4. The face and gesture recognition method incorporating an attention mechanism according to claim 3, characterized in that, The CA module specifically includes: Global average pooling and global max pooling are performed on the feature maps of the SA module respectively to generate a sixth feature map and a seventh feature map with c channels; Add the elements at corresponding positions of the sixth feature map and the seventh feature map to obtain the eighth feature map; The eighth feature map is transformed through two fully connected layers to obtain the ninth feature map; The ninth feature map is transformed into a channel attention weight matrix using the sigmoid function.
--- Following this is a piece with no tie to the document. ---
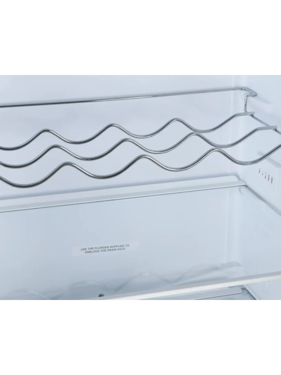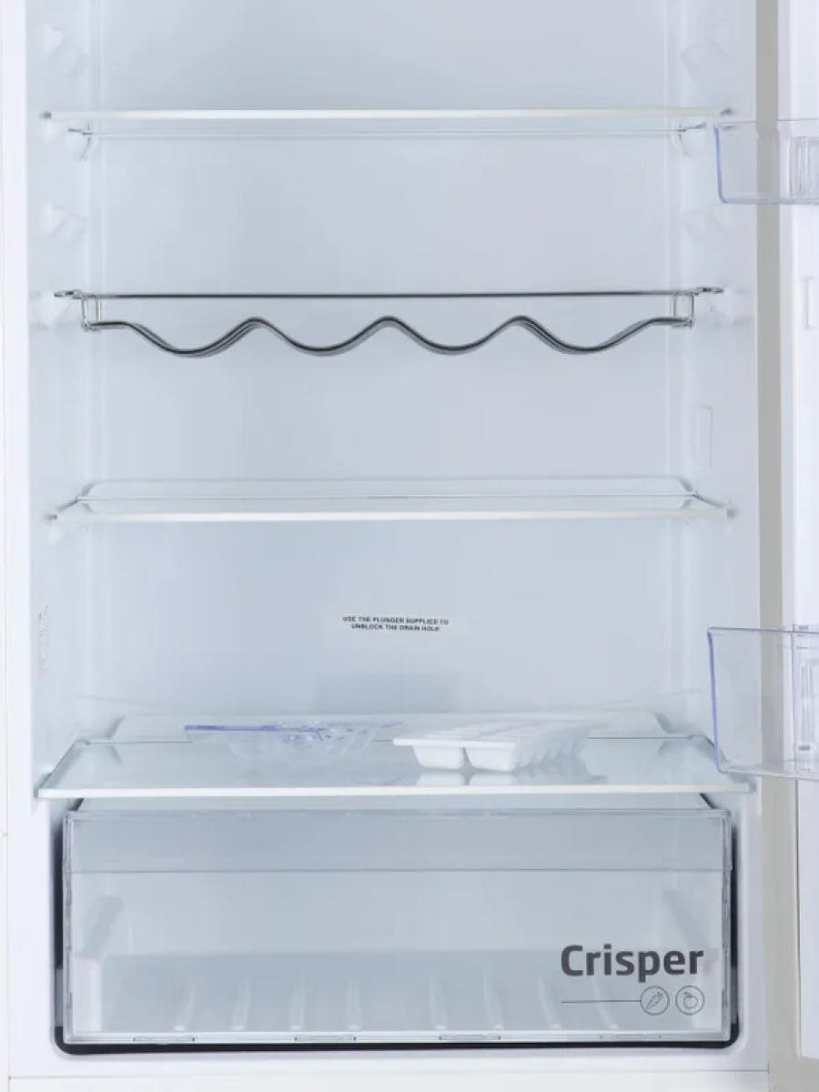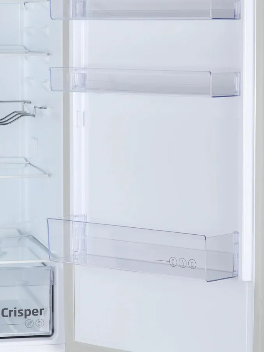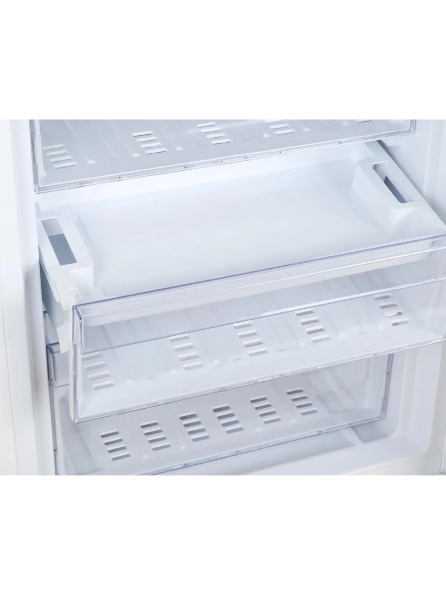 Освещение LED, 3 стеклянные полки (регулир., закален. стекло), подставка для яиц, винная полка, 1 отделение для овощей и фруктов, 4 полноразмерные полки на двери, 3 ящика, лоток для льда

The channel attention matrix is then multiplied by the input convolutional feature map to generate the CA module feature map.
5. The face and gesture recognition method with fused attention mechanism according to claim 4, characterized in that, The ResBlock0 module specifically includes: 4 convolutional layers; each convolutional layer is followed by a normalization layer and a correction unit layer; the ResBlock0 module does not change the size of the feature map output by the max pooling layer.
6. The face and gesture recognition method with fused attention mechanism according to claim 5, characterized in that, The ResBlock1 module specifically includes: 3 convolutional layers; the feature map output by the ResBlock0 module is passed through a first branch including two convolutional layers and a second branch including one convolutional layer to generate two convolutional feature maps; in the first branch, a normalization processing layer and a correction unit layer are connected after the first convolutional layer, and a normalization processing layer is connected after the second convolutional layer. The two convolutional feature maps are added together and passed through a correction unit layer to output the corrected feature map.
7. The face and gesture recognition method incorporating an attention mechanism according to claim 6, characterized in that, The ResNet network specifically includes: four parallel branches; Each branch includes an average pooling layer, a convolutional layer, a combined attention mechanism module, and an upsampling layer connected in sequence; the feature maps processed by the four parallel branches are concatenated, and then convolved by a convolutional layer to output a segmented hand binarized image; the combined attention mechanism module is the SA module and the CA module connected in series.
8. An electronic device, characterized in that, The device includes a memory and a processor, the memory being used to store a computer program, and the processor running the computer program to cause the electronic device to perform a face and gesture recognition method based on a fusion attention mechanism as described in any one of claims 1-7.
9. A computer-readable storage medium, characterized in that, It stores a computer program that, when executed by a processor, implements the face and gesture recognition method with a fusion attention mechanism as described in any one of claims 1-7.